We can also implement linear regression with a bare-bones approach. In the following example we measure the vertical distance and horizontal distance between a random data point and the regression line.

For more information on implementing linear regression from scratch I highly recommend this explanation by Luis Serrano.

# Linear regression from scratch
import random
# Create data from regression
xs = np.array(range(1,20))
ys = [0,8,10,8,15,20,26,29,38,35,40,60,50,61,70,75,80,88,96]

# Put data in dictionary
data = dict()
for i in list(xs):
    data.update({xs[i-1] : ys[i-1]})

# Slope
m = 0
# y intercept
b = 0
# Learning rate
lr = 0.0001
# Number of epochs
epochs = 100000

# Formula for linear line
def lin(x):
    return m * x + b

# Linear regression algorithm
for i in range(epochs):
    # Pick a random point and calculate vertical distance and horizontal distance
    rand_point = random.choice(list(data.items()))
    vert_dist = abs((m * rand_point[0] + b) - rand_point[1])
    hor_dist = rand_point[0]

    if (m * rand_point[0] + b) - rand_point[1] < 0:
        # Adjust line upwards
        m += lr * vert_dist * hor_dist
        b += lr * vert_dist   
    else:
        # Adjust line downwards
        m -= lr * vert_dist * hor_dist
        b -= lr * vert_dist
        
# Plot data points and regression line
plt.figure(figsize=(15,6))
plt.scatter(data.keys(), data.values())
plt.plot(xs, lin(xs))
plt.title('Linear Regression result')  
print('Slope: {}\nIntercept: {}'.format(m, b))
Slope: 5.088945016552908
Intercept: -8.566631021731279
../../../_images/a918abc5dbc0154886481c11e62c31a12b3015a502ee09a946ee948f44eea891.png

The coefficients of a linear model can also be computed using MSE (Mean Squared Error) without an iterative approach. I implemented Python code for this technique as well. The code is in the second cell of this Github repository

Anscombe’s Quartet#

Anscombe’s quartet is a set of four datasets that have the same descriptive statistics and linear regression fit. The datasets are however very different from each other.

This sketches the issue that although summary statistics and regression models are really helpful in understanding your data, you should always visualize the data to see whats really going on. It also shows that a few outliers can really mess up your model.

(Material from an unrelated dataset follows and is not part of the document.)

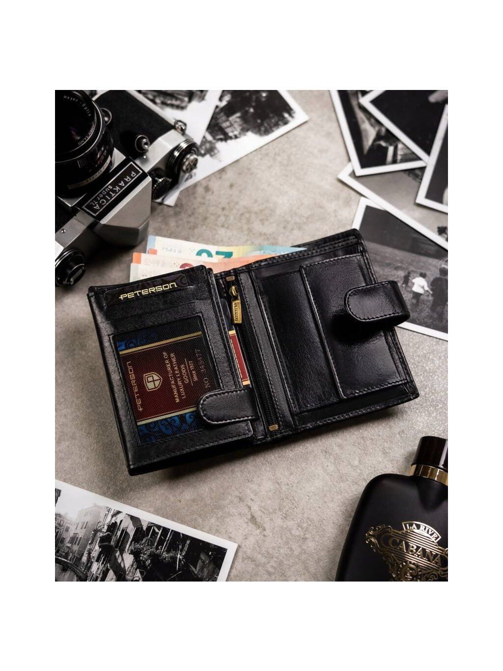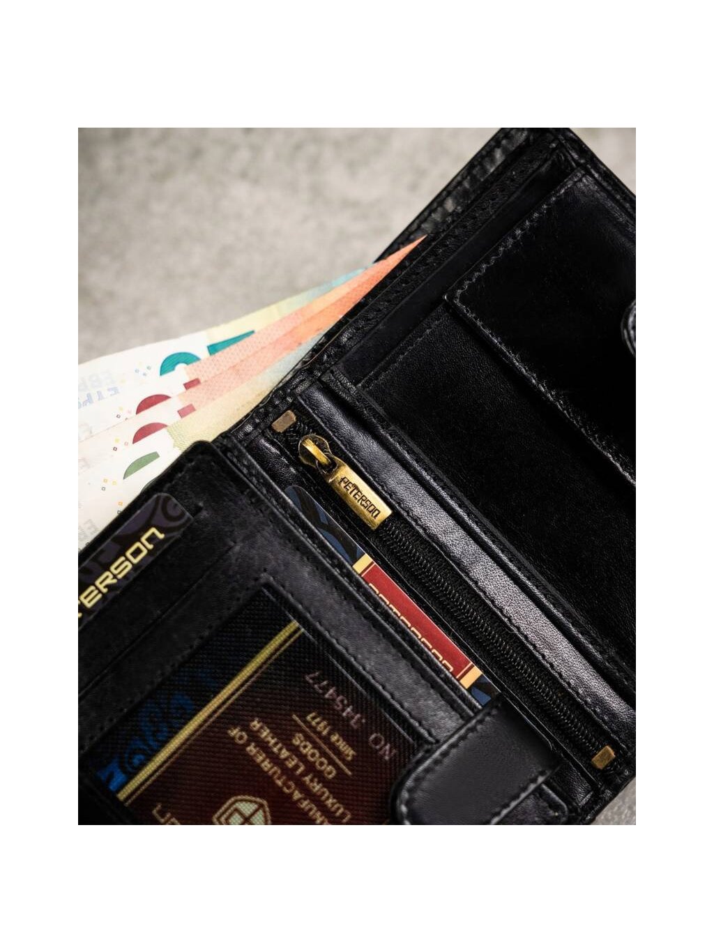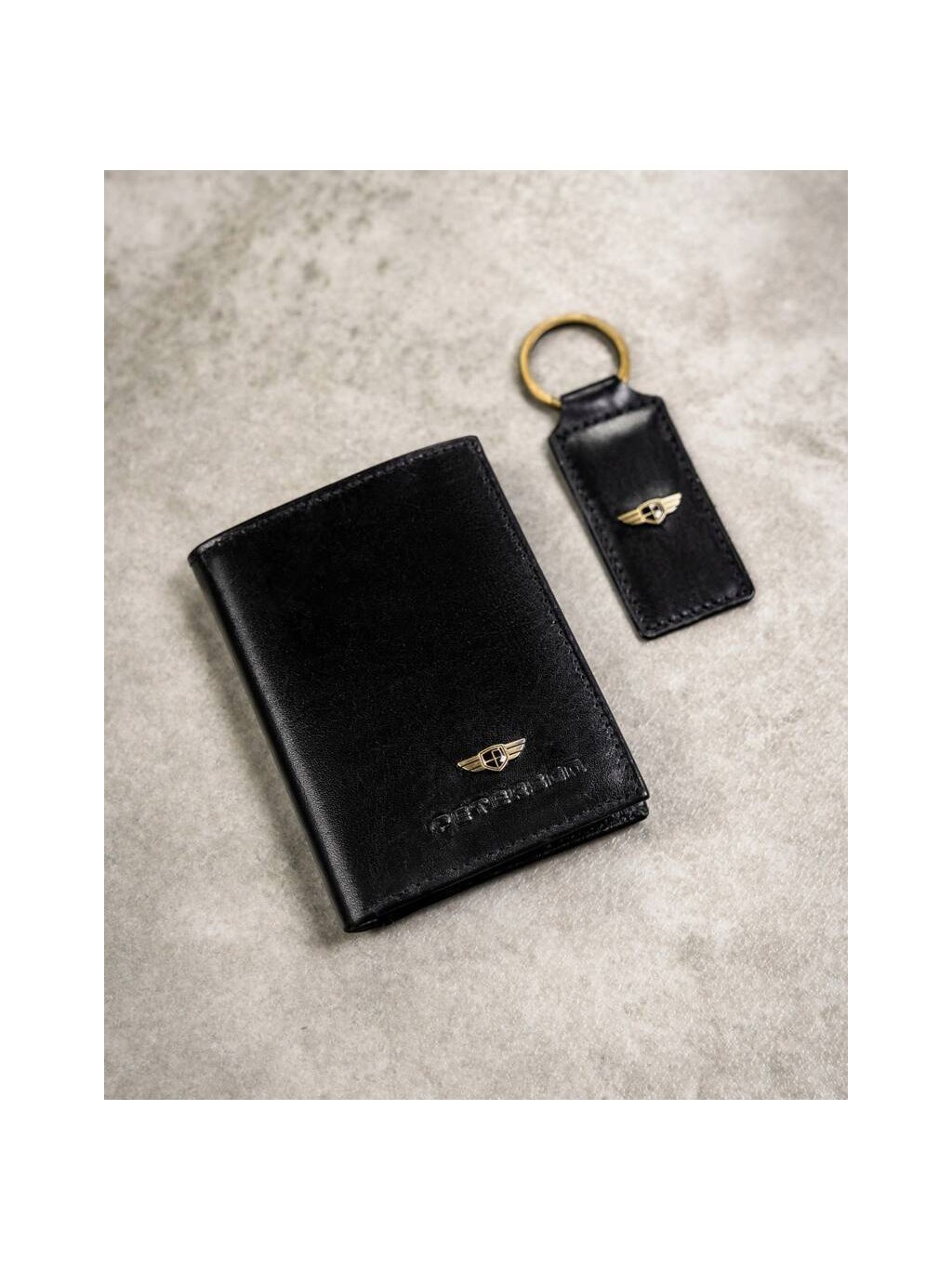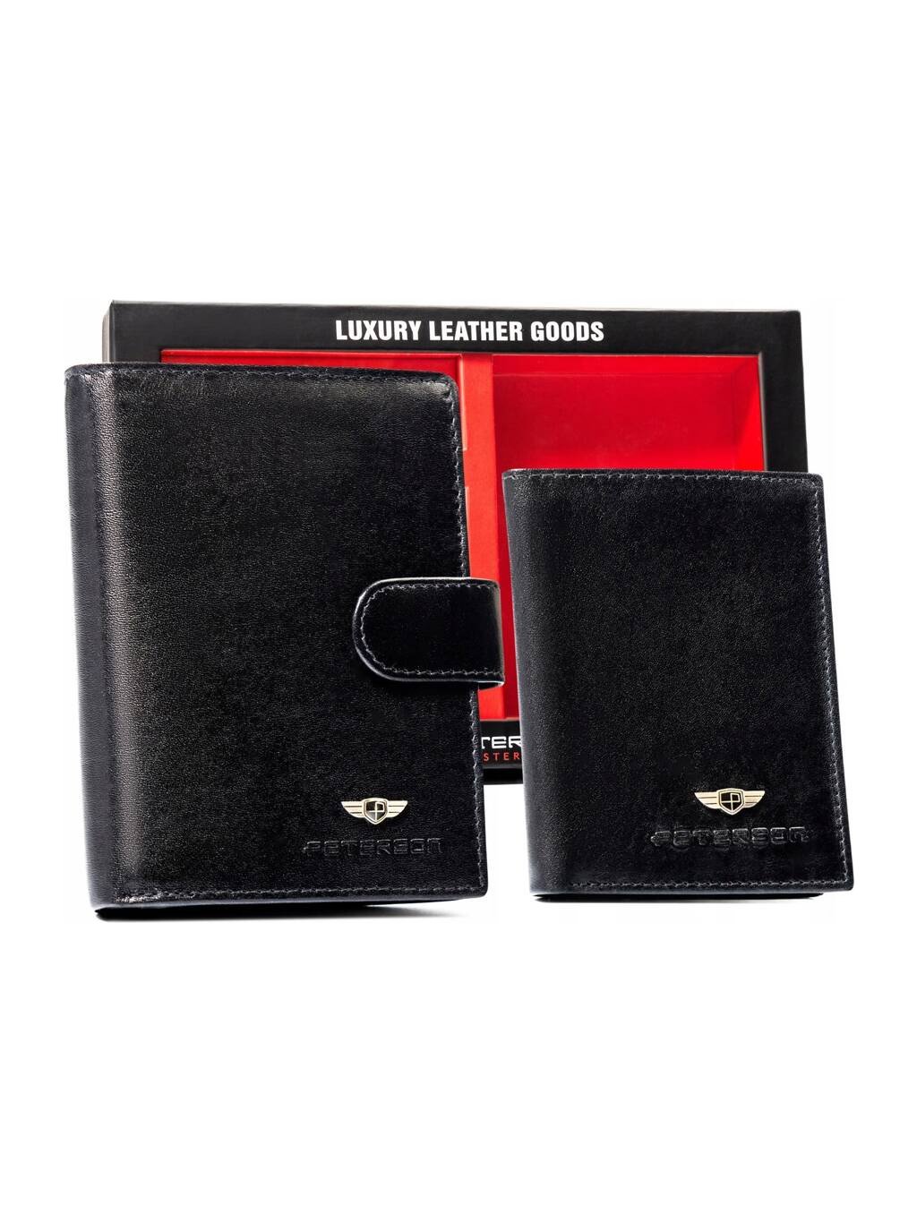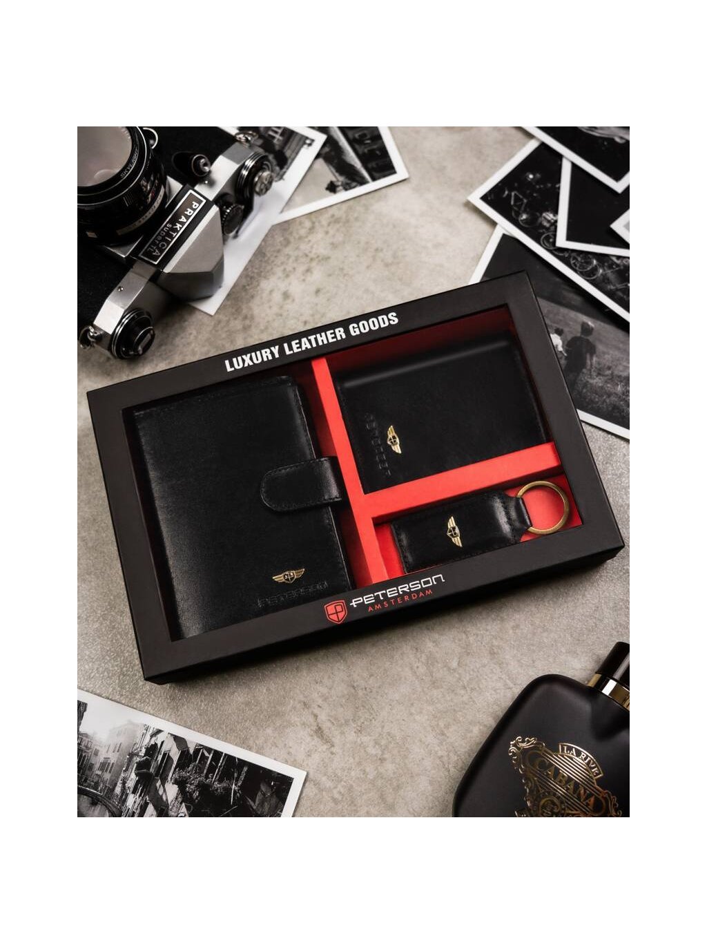 Peterson Dárková sada - černá kožená peněženka, pouzdro na karty a klíčenka I068

More information on Anscombe’s Quartet

Bootstrapping #

Bootstrapping is a resampling technique to quantify the uncertainty of an estimator given sample data. In other words, we have a sample of data and we take multiple samples from that sample. For example, with bootstrapping we can take means for each bootstrap sample and thereby make a distribution of means.

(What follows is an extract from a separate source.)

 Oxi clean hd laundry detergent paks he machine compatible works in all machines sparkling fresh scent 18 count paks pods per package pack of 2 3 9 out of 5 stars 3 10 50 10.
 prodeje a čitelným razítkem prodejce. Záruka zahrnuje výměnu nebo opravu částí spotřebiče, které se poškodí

Once we created a distribution of estimators we can use this to make decisions.

Bootstrapping can be:

  1. Non-parametric (Take random samples from sample)

  2. Parametric (Take from a (normal) distribution with sample mean and variance). Downside: You are making assumptions about the distribution. Upside: Computationally more light

  3. Online bootstrap (Take samples from a stream of data)

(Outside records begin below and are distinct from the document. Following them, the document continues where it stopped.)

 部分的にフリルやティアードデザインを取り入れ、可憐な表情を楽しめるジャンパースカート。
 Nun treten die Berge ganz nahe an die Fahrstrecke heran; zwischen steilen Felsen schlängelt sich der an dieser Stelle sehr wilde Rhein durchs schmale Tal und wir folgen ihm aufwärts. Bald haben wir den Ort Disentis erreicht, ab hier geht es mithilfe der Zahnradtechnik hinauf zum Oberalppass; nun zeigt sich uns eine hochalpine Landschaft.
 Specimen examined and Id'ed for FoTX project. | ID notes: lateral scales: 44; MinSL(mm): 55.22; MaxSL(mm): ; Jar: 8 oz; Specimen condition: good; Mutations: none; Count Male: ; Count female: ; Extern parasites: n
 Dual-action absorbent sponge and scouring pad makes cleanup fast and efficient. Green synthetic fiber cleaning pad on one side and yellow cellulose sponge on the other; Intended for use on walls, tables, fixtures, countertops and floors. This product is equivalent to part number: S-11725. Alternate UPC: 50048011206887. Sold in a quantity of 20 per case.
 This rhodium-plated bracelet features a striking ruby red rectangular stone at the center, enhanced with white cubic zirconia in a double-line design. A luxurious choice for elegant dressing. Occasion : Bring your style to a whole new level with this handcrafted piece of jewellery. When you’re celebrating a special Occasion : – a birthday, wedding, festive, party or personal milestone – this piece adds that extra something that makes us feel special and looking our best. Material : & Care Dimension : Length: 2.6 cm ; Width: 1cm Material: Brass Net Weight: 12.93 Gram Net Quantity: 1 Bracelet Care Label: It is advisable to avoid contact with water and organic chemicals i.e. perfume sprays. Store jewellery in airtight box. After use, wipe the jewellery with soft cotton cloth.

The following code implements a simple non-parametric bootstrap to create a distribution of means, medians and midranges of the Income distribution in our Toy Dataset. We can use this to deduce which income means will make sense for subsequent samples.

# scikit-learn bootstrap package
from sklearn.utils import resample

# data sample
data = df['Income']

# prepare bootstrap samples
boot = resample(data, replace=True, n_samples=5, random_state=1)
print('Bootstrap Sample: \n{}\n'.format(boot))
print('Mean of the population: ', data.mean())
print('Standard Deviation of the population: ', data.std())

# Bootstrap plot
pd.plotting.bootstrap_plot(data)
Bootstrap Sample: 
128037     66336.0
5192       51638.0
50057     106578.0
109259    120964.0
73349     103441.0
Name: Income, dtype: float64

Mean of the population:  91252.79827333333
Standard Deviation of the population:  24989.500948354904
../../../_images/3c895c6bedb7f4cb04af3e2a553c00e1db9ff6f77c216b25627b435b3a4fd07e.png ../../../_images/3c895c6bedb7f4cb04af3e2a553c00e1db9ff6f77c216b25627b435b3a4fd07e.png

Hypothesis testing #

We establish two hypotheses, H0 (Null hypothesis) and Ha (Alternative Hypothesis).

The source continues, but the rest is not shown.